Wearable technology has a variety of applications which grows as the field itself expands. It appears prominently in consumer electronics with the popularization of the smartwatch and activity tracker. Apart from commercial uses, wearable technology is being incorporated into navigation systems, advanced textiles, and healthcare. As wearable technology is being proposed for use in critical applications, it has to be vetted for its reliability and security properties.
In the 1500s, German inventor Peter Henlein created small watches that were worn as necklaces. A century later, pocket watches grew in popularity as waistcoats became fashionable for men. Wristwatches were created in the late 1600s but were worn mostly by women as bracelets.

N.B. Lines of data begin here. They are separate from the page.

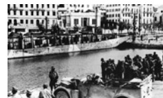
Γερμανικά στρατεύματα στην Κέρκυρα μετά τη συνθηκολό-

Στις 9 Δεκεμβρίου 1943, ο «επιτελάρχης του στρατιωτικού διοικητή νοτιοανατολι-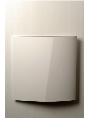
Ohne Titel, 2007 Lack auf Aluminium 20 x 17 x 4 cm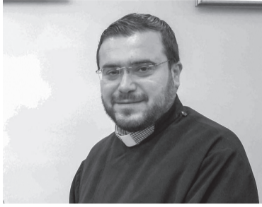
ԽՈՐԷՆ ԶՅՆՅ ՊԵՐԹԻՉԼԵԱՆ ՀԱԼԷՊ -ՍՈՒՐԻԱ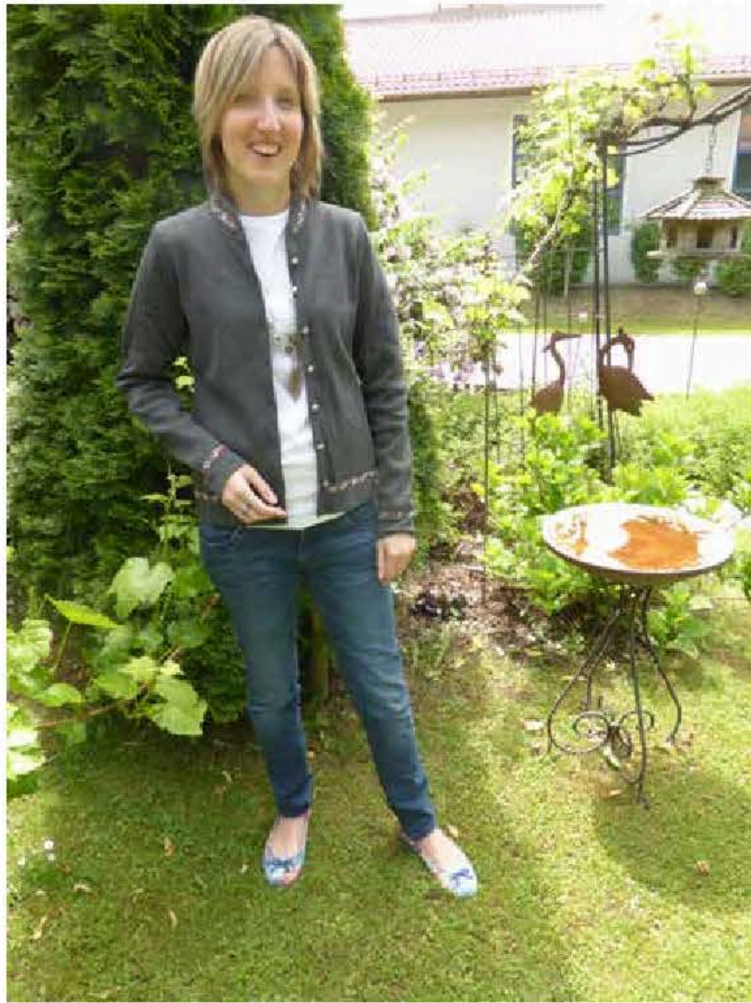
Damenjacke Regine Art.-Nr. 85108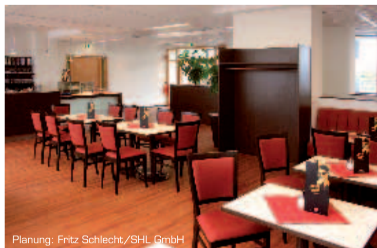
Planung: Fritz Schlecht/SHL GmbH

dem Balanceakt mit den Wünschen des Käufers nach Luxus und dem Anspruch an einen umweltbewussten Umgang mit der Natur gerecht zu werden. Auch im Hause Fritz Schlecht/SHL GmbH folgt man diesem Gedanken und wartet mit ökologisch vertretbaren Bilanzen auf, die anerkannte Zertifizierungen und garantierte Lebenszyklen ihrer Produkte beinhalten.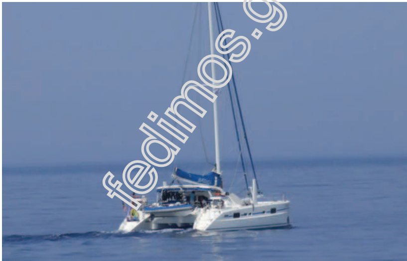
Ιστιοπλοϊκό σκάφος στο Αιγαίο.

Η θάλασσα αποτελεί σπουδαίο φυσικό πόρο για τη χώρα. Επίσης η εκτεταμένη παράκτια ηπειρωτική και νησιωτική ακτογραμμή αποτελεί τη βάση ανάπτυξης διαφόρων θαλάσσιων δραστηριοτήτων αναψυχής.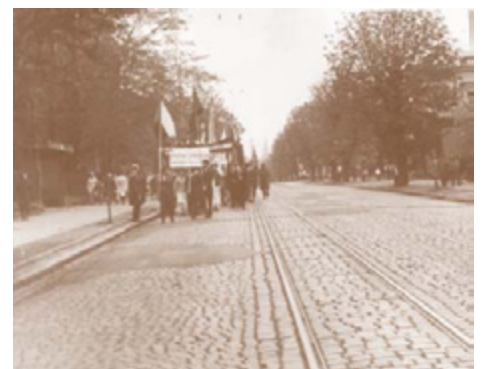
Fotografie pořízená 1. máje 1971 v dnešní Masarykově ulici dokládá, že ještě dlouho po zrušení tramvají zůstávaly na některých místech koleje.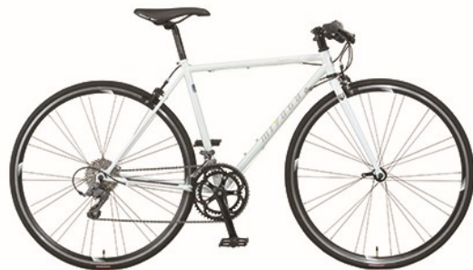
シャイニーパールホワイト (0W40) 【フレームサイズ : 480mm】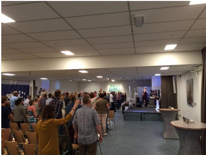
11. Tijdens een aanbiddingslied.

Er is bepaald gedrag dat voor iedereen binnen de gemeente bekend is en waarvan ze weten hoe en wanneer dit wordt gebruikt. De stoelen die voor de dove mensen en hun tolk zijn gereserveerd worden vrij gelaten. Tijdens bepaalde liederen klapt men, tijdens andere liederen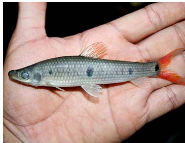
39 Lisa Pseudanos trimaculatus T: Tururi ANOSTOMIDAE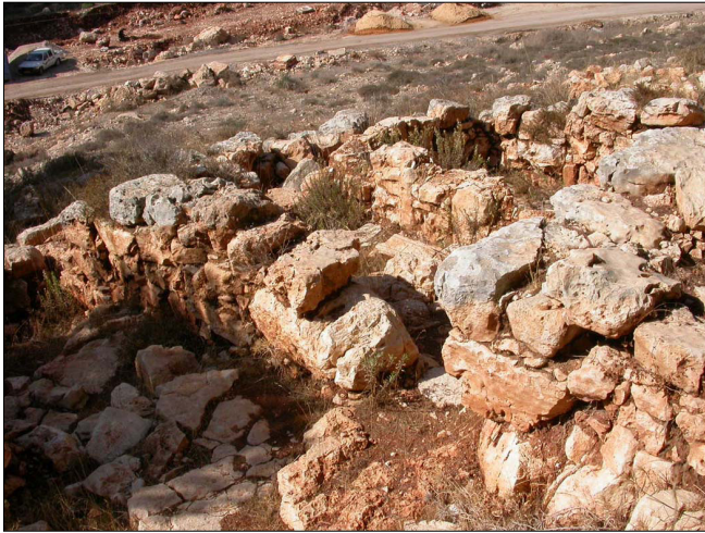
שרידי מבנה, סמוך לערוץ הנחל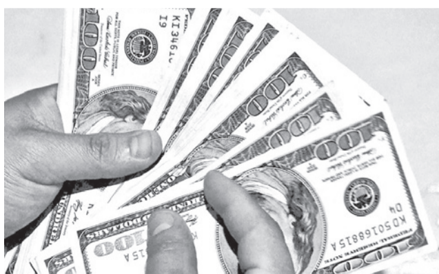
La oferta de dólares en el mercado boliviano. CARLOS LÓPEZ

La divisa estadounidense se había mantenido sin superar el umbral de Bs 10 en la cotización de calle desde antes de la publicación del dólar referencial del BCB, la cual se da desde fines de 2025.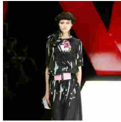
Giorgio Armani Womenswear SS18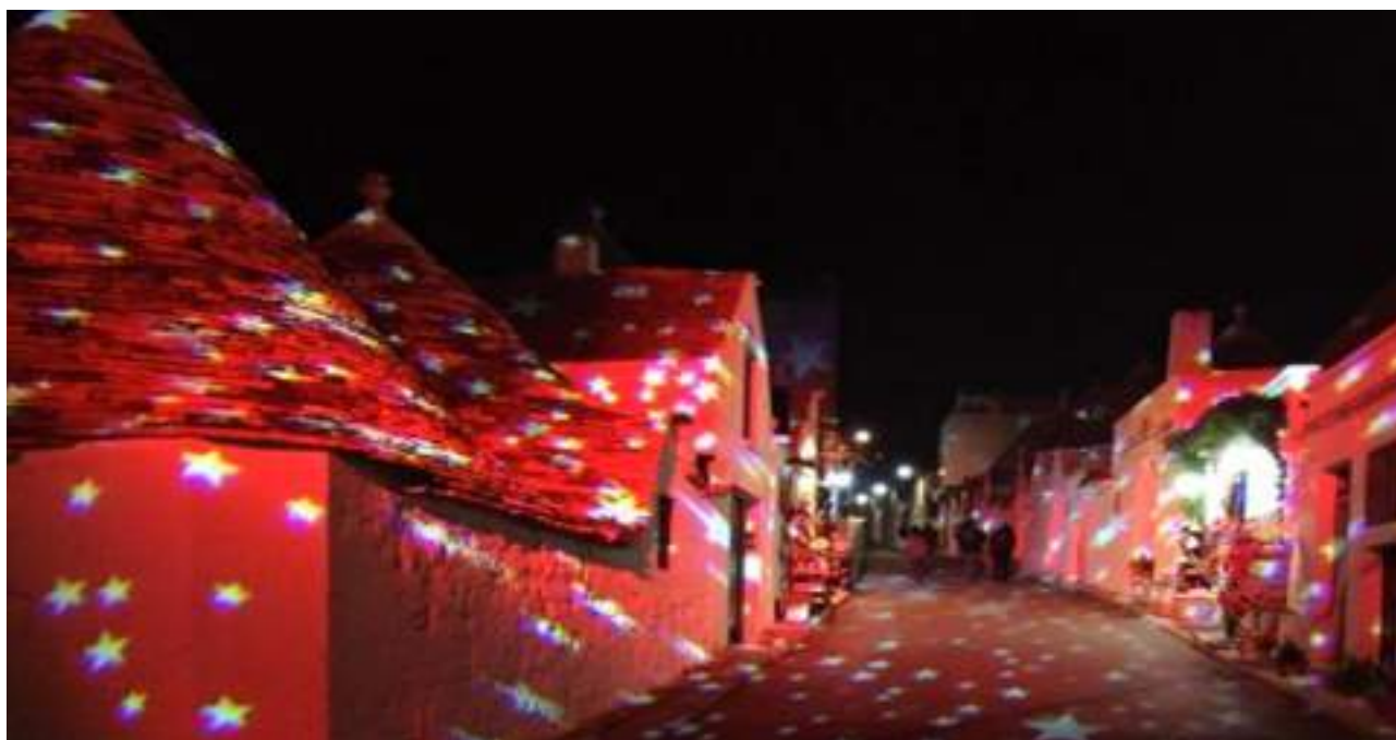
FIGURA 4 – Il Festival delle Luci di Alberobello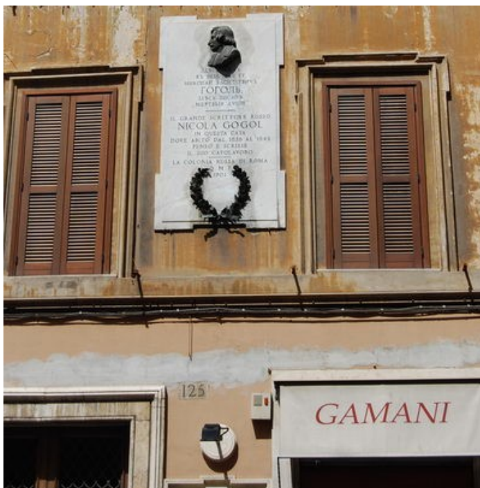
Дом Гоголя в Риме (Италия) на Via Felice

Только в Риме, тихом солнечном Риме находит он успокоение и сходство с милой ему Малороссией: все патриархально здесь, все в стороне от шума Европы, от ее меняющихся прихотей. «Именно здесь, на улочке, которая носит название «Счастливой» – Via Felice – найдет он две комнатки с «ненатопленным теплом», где в равновесии и забытии и завершит свой великий труд» [8, с. 206–207].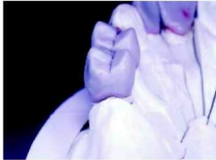
5—6. Центр альвеолярного гребня определяет горизонтальное положение фиксатора протеза (охватывающая часть),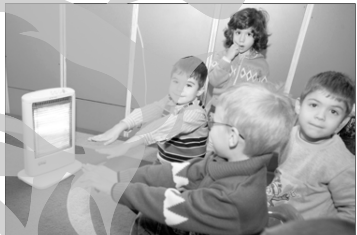
Radiatorul ține de cald, Apaterm de frig

Doă săptămâni întregiu au tremurat gălățenii locatari ai celor 80.000 de apartamente încălzite de Apaterm, dar și copiii din școli și grădinițe, în vreme ce autoritățile o țineau „langa” în „comitete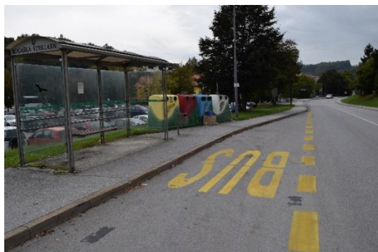
Postajališče - Steklarna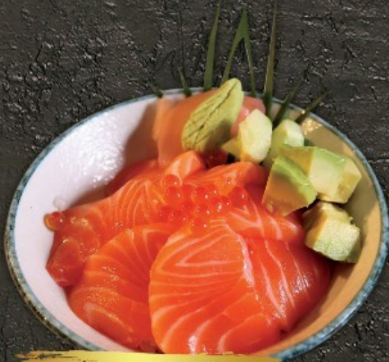
Salmon Don 300.- ข้าวหน้าปลาแซลมอน

In the late 1800s, the first wearable hearing aids were introduced.
In 1904, aviator Alberto Santos-Dumont pioneered the modern use of the wristwatch.
In the 1970s, calculator watches became available, reaching the peak of their popularity in the 1980s.
From the early 2000s, wearable cameras were being used as part of a growing sousveillance movement. In 2008, Ilya Fridman incorporated a hidden Bluetooth microphone into a pair of earrings.
From 1991 to 1997, Rosalind Picard and her students, Steve Mann and Jennifer Healey, at the MIT Media Lab designed, built, and demonstrated data collection and decision making from "Smart Clothes" that monitored continuous physiological data from the wearer. These "smart clothes", "smart underwear", "smart shoes", and smart jewellery collected data that related to affective state and contained or controlled physiological sensors and environmental sensors like cameras and other devices.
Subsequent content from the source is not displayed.